Cotton is known as white gold and is the principal source of foreign exchange earnings in many countries. It contributes to the oil and seed sector as well as fiber industries  . Pakistan’s economy totally relies upon cotton production directly or indirectly   . Among the four cultivated species of cotton, Gossypium arboreum also called “true cotton”, is a specie native to the Indian sub- continent and presently used in introgressive breeding as a donor species for improving resistance to insect pests and disease especially CLCuD in upland cotton   . Since about 6000 BC, this crop has been present in Pakistan in a domesticated form and most of the biodiversity of this species occurs in this country  . G. arboreum is still grown on a small number of acres in Pakistan by small landholding farmers.
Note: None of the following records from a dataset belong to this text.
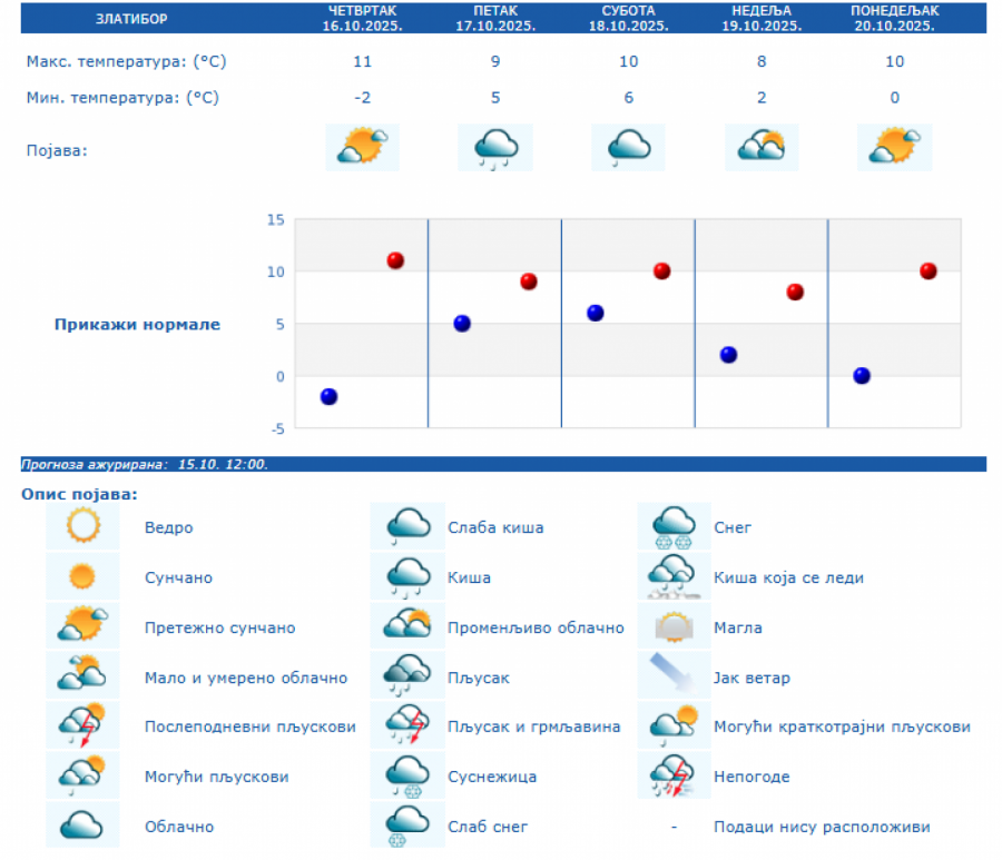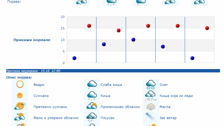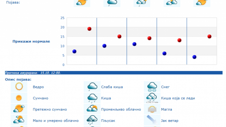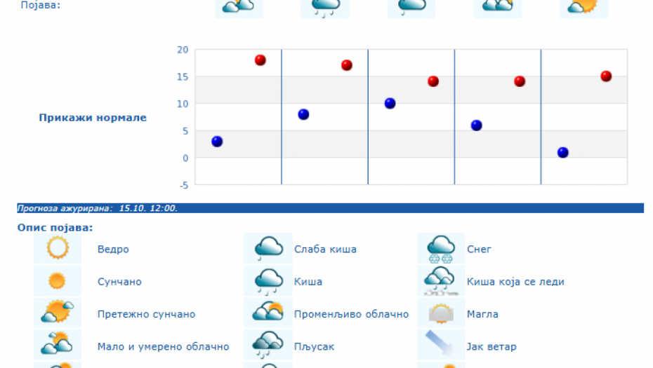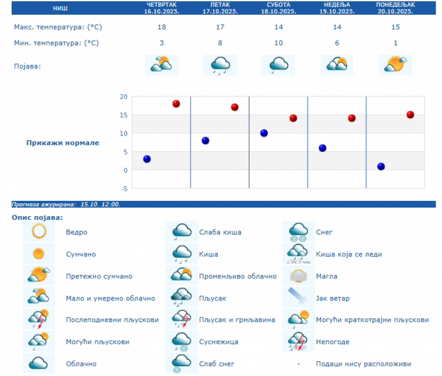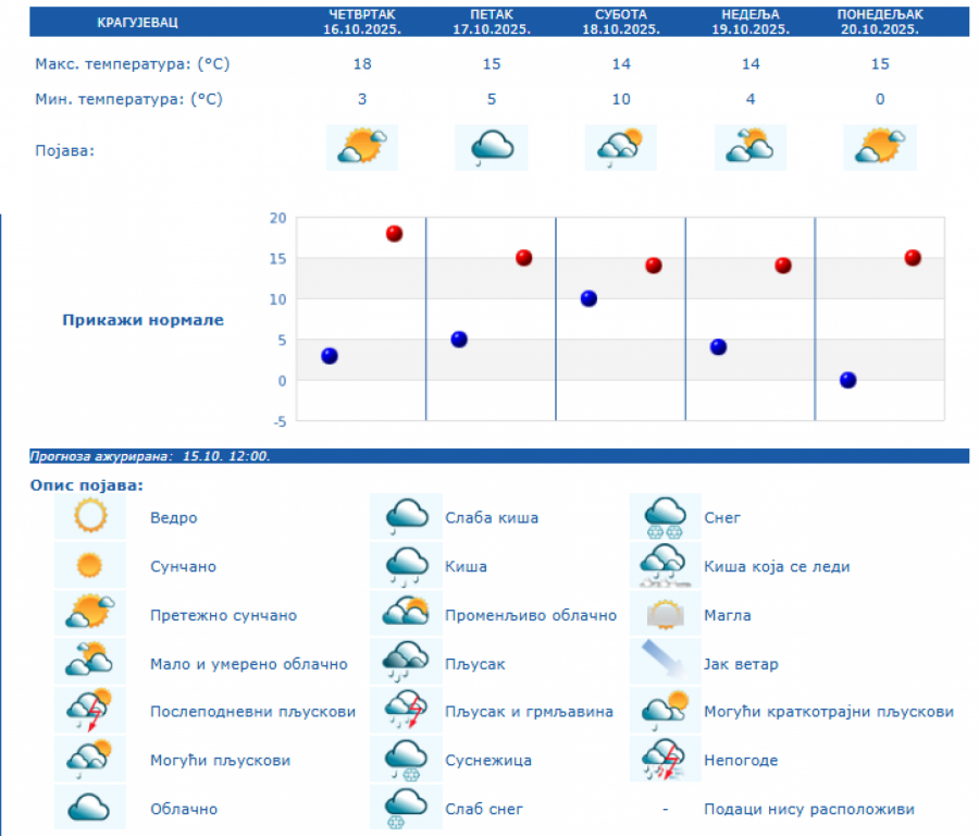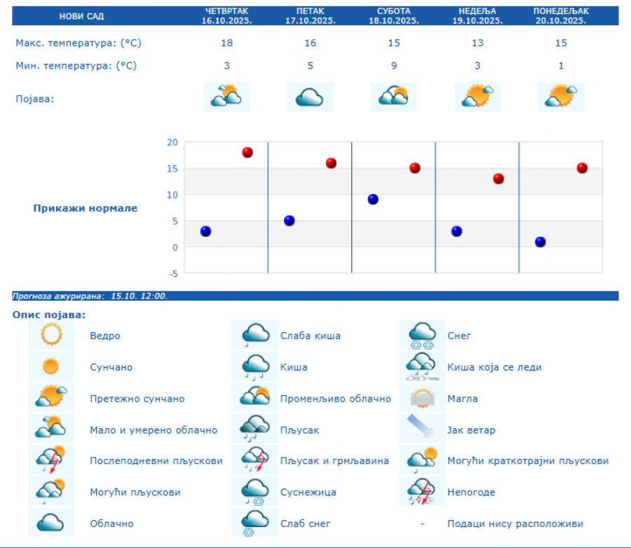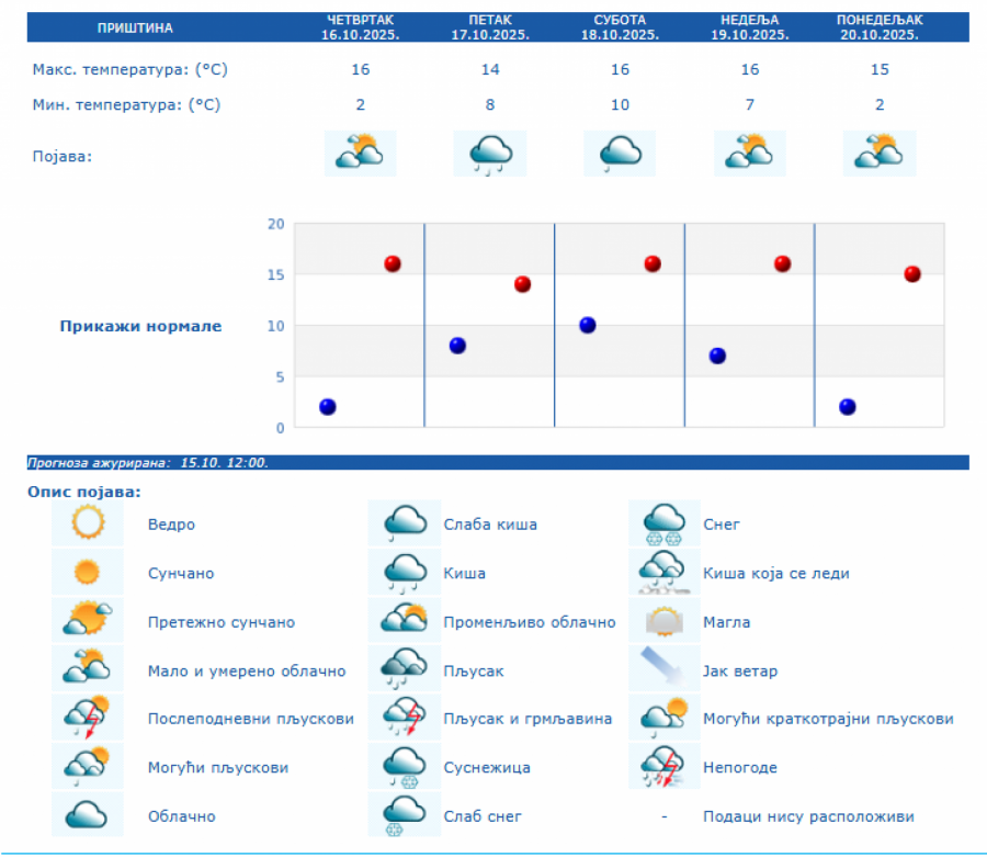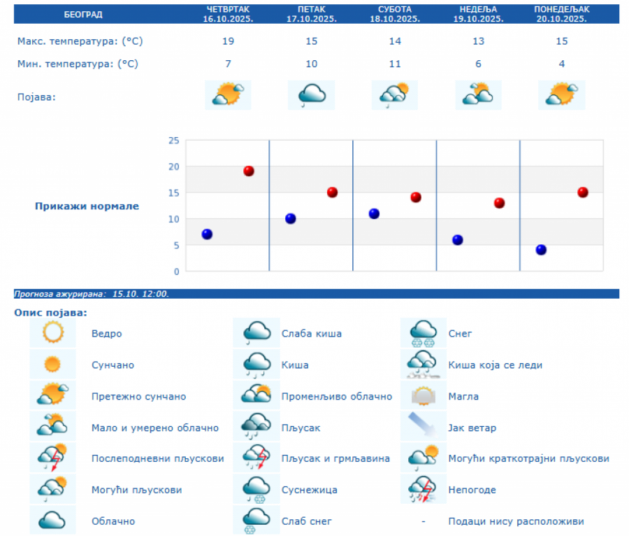 Prema izgledima vremena u Srbiji za narednih sedam dana, do 23. oktobra, u petak će biti oblačno, a kiša će se sa jugozapada i juga Srbije do kraja dana i u toku noći ka suboti proširiti i na većinu ostalih krajeva, dok će se u većem delu Vojvodine zadržati suvo.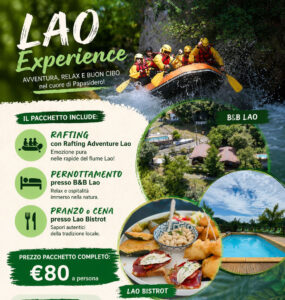 Nasce la promo esclusiva “Lao Experience”, una collaborazione tra Rafting Adventure Lao, B&B Lao e Lao Bistrot: un pacchetto completo dedicato a chi vuole vivere un weekend o una giornata tra natura, sport, relax e buona cucina nella Valle del Fiume Lao, in provincia di Cosenza.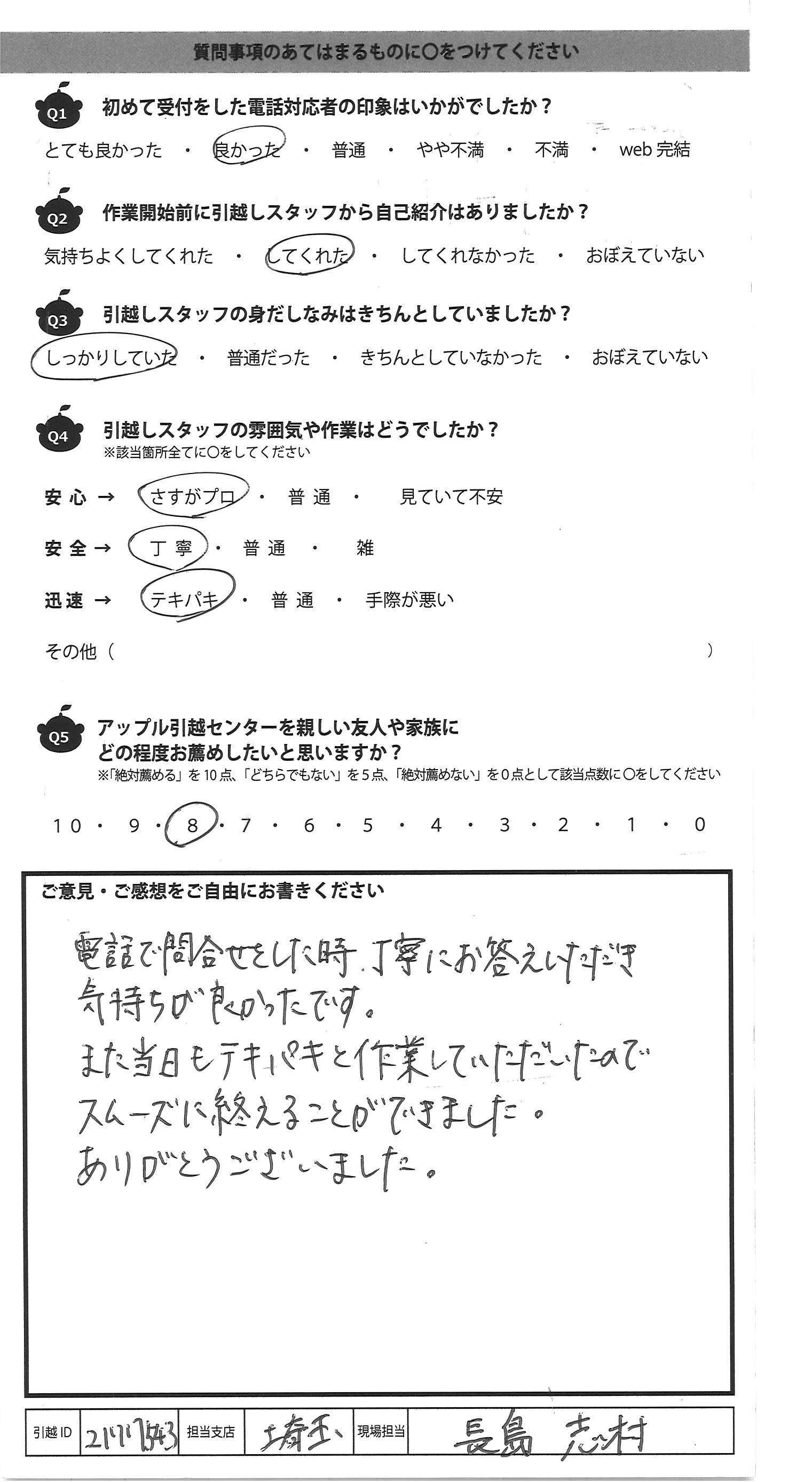A.電話で問合せをした時、丁寧にお答えいただき 気持ちが良かったです。 また当日もテキパキと作業していただいたので スムーズに終えることができました。 ありがとうございました。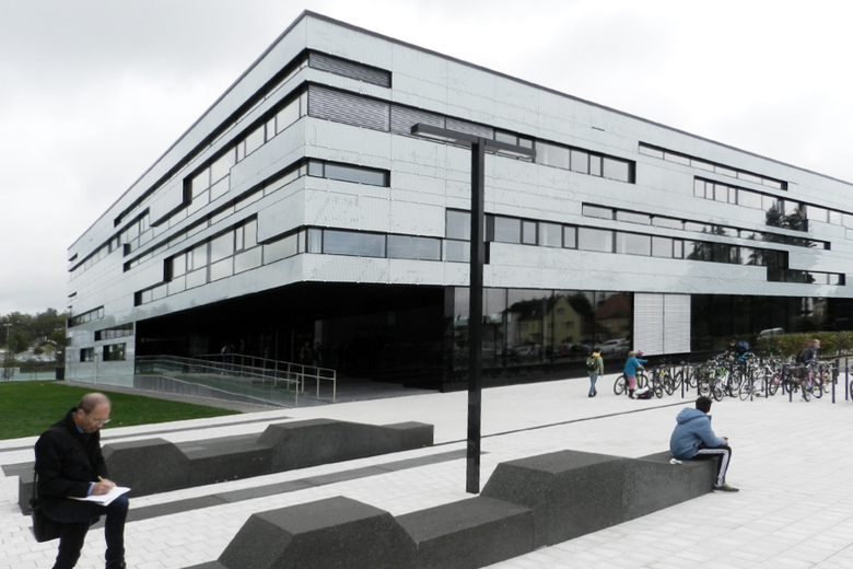 Die Außenanlagen für den Neubau der staatlichen Realschule gliedern sich in drei Bereiche, den durch das Gebäude gefassten Pausenhof, den linear ausgerichteten und kompakten Sportbereich, sowie den Vorplatz auf dem die Baukörper stehen. Der Pausenhof versteht sich als Kontinuum des Schulgebäudes. Die hell gepflasterte Fläche ist durch Plattenstreifen und Sitzgelegenheiten gegliedert, die sich aus dem Fassadenspiel ableiten. SolitärBäume markieren den Hof und die Freifläche. Umgeben ist die befestigte Pausenhoffläche von Aufenthaltsbereichen die durch Hecken gegliedert, dem Spiel, dem Lernen und der Erholung dienen. Die Sporthalle und Sportfelder grenzen alle an die Nordsüd verlaufende Erschließungsachse, die mit einer Baumreihe aus Säuleneichen gekennzeichnet ist. Der Vorplatz mit Eingangsbereich und Erschließungsflächen stellt sich als gepflasterte und funktional gegliederte Fläche den gestellten Anforderungen.

For sustainability and genetic improvement of a crop, genetic diversity can be defined as, “the amount of genetic variability among individuals of a population”. As information about genetic diversity among G. arboreum L. is scanty  , it is an area of interest. G. arboreum L. has many favorable traits like drought tolerance, resistance to insect pests etc., which are not found in the G. hirsutum L.  . The understanding of genetic variation within and between the populations of G. arboreum L. is not only valuable to create a theoretical base for conserving the Asiatic cotton germplasm resources, but also to identify and improve desirable and ideal traits such as fiber quality and unique plant features that can be exploited for modern cotton production  .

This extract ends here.